Question: Do you think it likely that the consumption of exogenous ketone esters will help to mitigate Parkinson’s symptoms?

There have been a small number of clinical trials on humans that appear to demonstrate the beneficial use of ketosis to ameliorate Parkinson’s symptoms (as listed below if you are interested in more details). In addition, there also seem to be an increasing number of anecdotal reports from PD patients (i.e. n=1), who have experienced some form of relief when they adopted a ketogenic diet (see video by William Curtis linked below).

I have a friend who now requires heavy medication for Parkinson’s but will not try a low carb/keto diet because his wife is convinced it’s a “fad” and it goes against the nutritional guidelines … cue heavy resigned sigh …. I know … there’s no need to tell me …. I have tried.

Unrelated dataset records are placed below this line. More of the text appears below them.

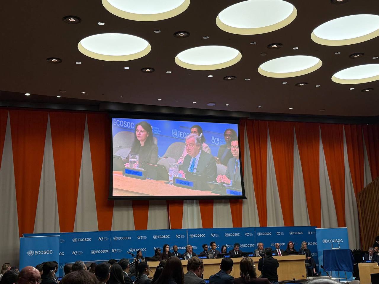 The meeting was presided over by His Excellency Lok Bahadur Thapa, President of ECOSOC, Her Excellency Annalena Baerbock, President of the 80th Session of the United Nations General Assembly, and His Excellency António Guterres, Secretary-General of the United Nations, with the participation of more than 150 member states.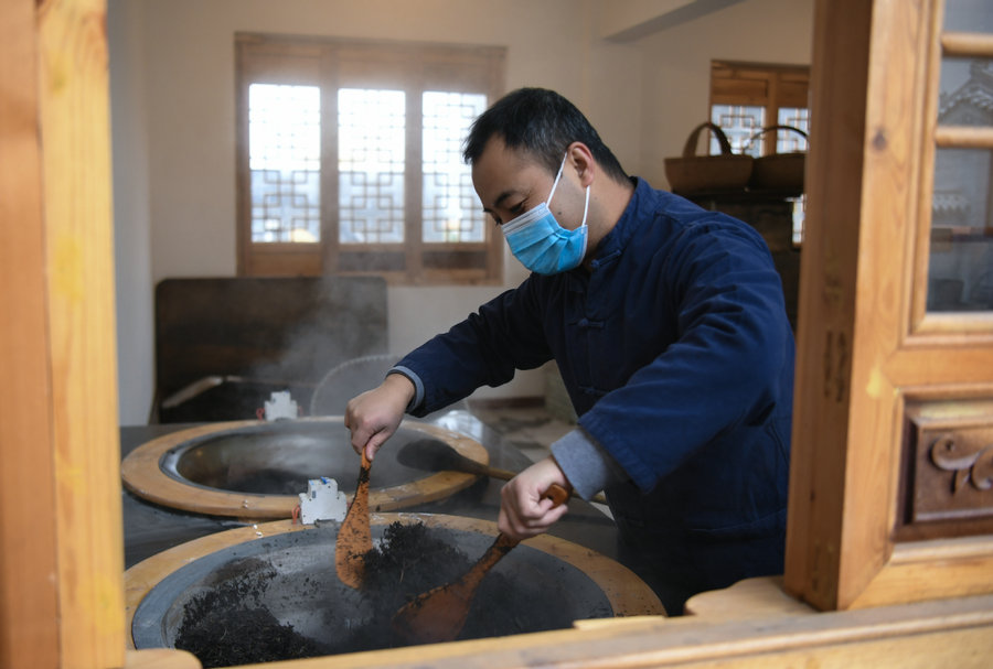 Fu tea, a type of fermented dark tea, has a long history in Xianyang of Northwest China's Shaanxi province. Fu tea features fermented golden probiotics, which is praised as "black gold along the Silk Road". The traditional tea making technique has 14 steps.
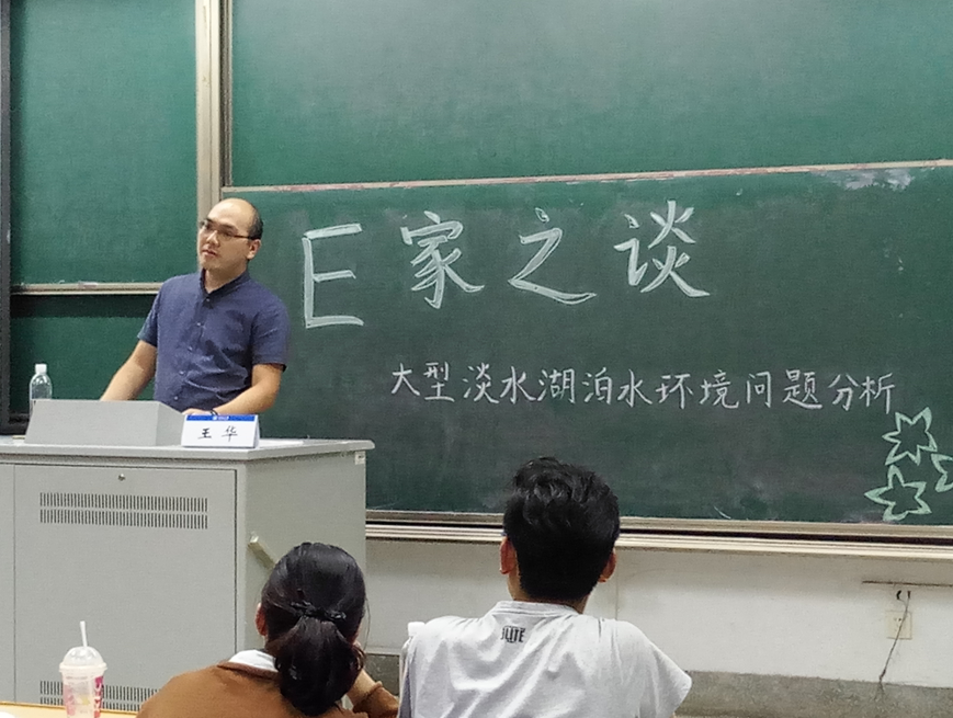 本次“e家之谈”的主题为“大型淡水湖泊水环境问题分析”,在讲座中王教授不仅向我们传授了基本的水环境知识,还通过三部分的讲解,为8x8x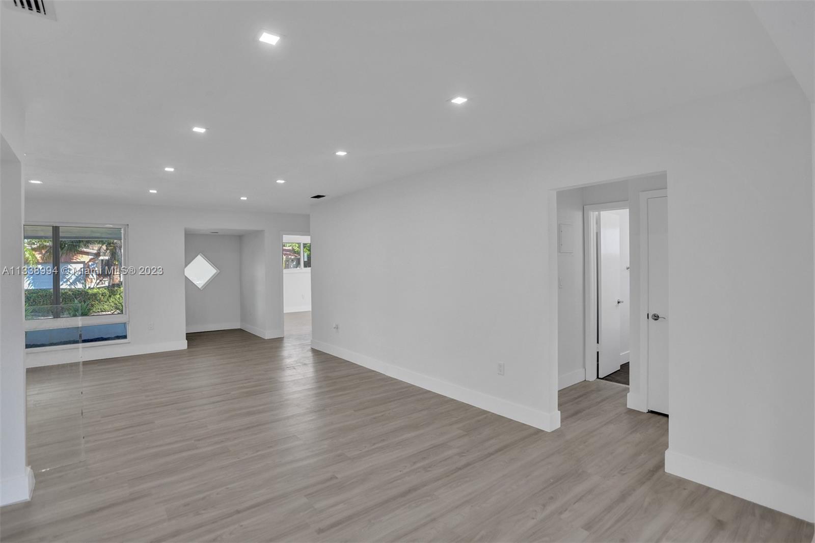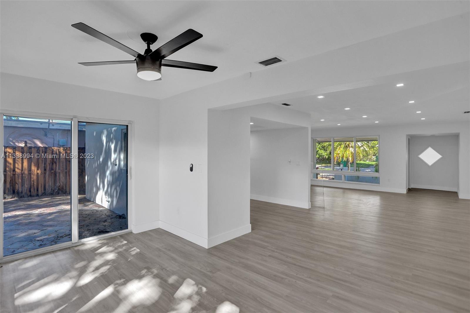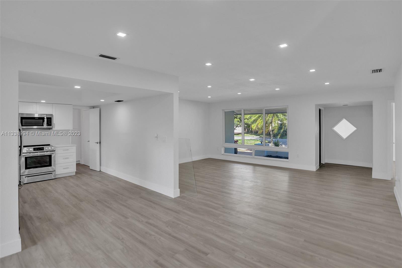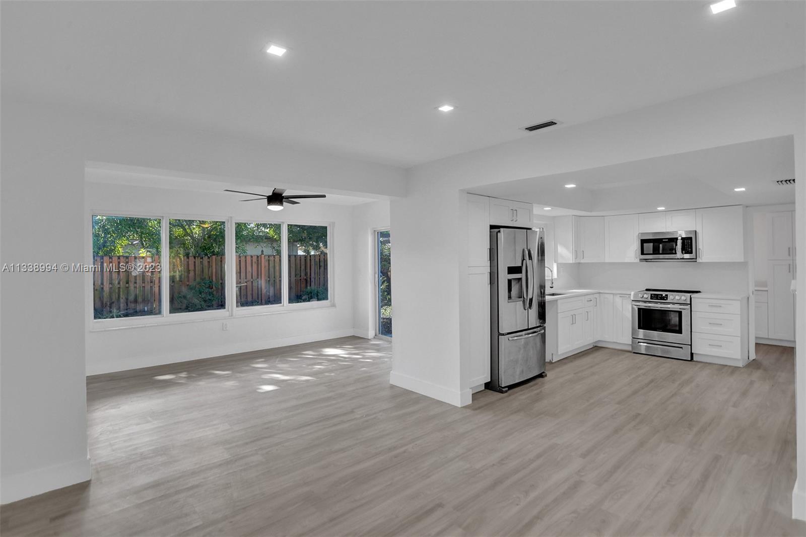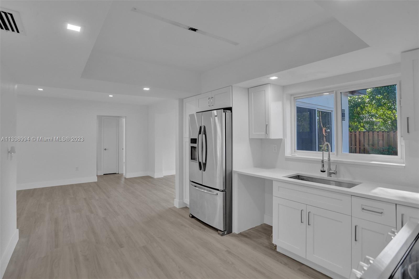 Completely remodeled 3/2 home. Open floor plan, white modern kitchen cabinets & Quartz countertop, stainless steel appliances, laminated floors, Impact windows, Large Family room with plenty of light overlooking your own private backyard and with plenty of room to build a pool. Spacious Master bathroom with large closet and updated bathroom with shower. Large utility room for Washer an Dryer (included but not installed) Circular driveway and one car garage. NEW ROOF 2022. NO HOA fees!!! Make this beauty your forever home.

This has led me to wondering if the consumption of exogenous ketones would be beneficial in the absence of adopting a ketogenic lifestyle. I have managed to purchase ketone ester (KE) from KetoneAid and HVMN and brought them into Canada and am hoping that he will try them to see if they have any impact on his symptoms. However, I was wondering about the following:

1. How likely is it that the exogenous KE will have any measurable impact?

2. When would be the best time to try consuming the KE, with the conventional drug regime or after they have worn off?

3. Will the efficacy of the exogenous KE be dependent on him being fat adapted, i.e. his body may not have the appropriate pathways to make use of this alternative form of fuel and won’t know what to do with it?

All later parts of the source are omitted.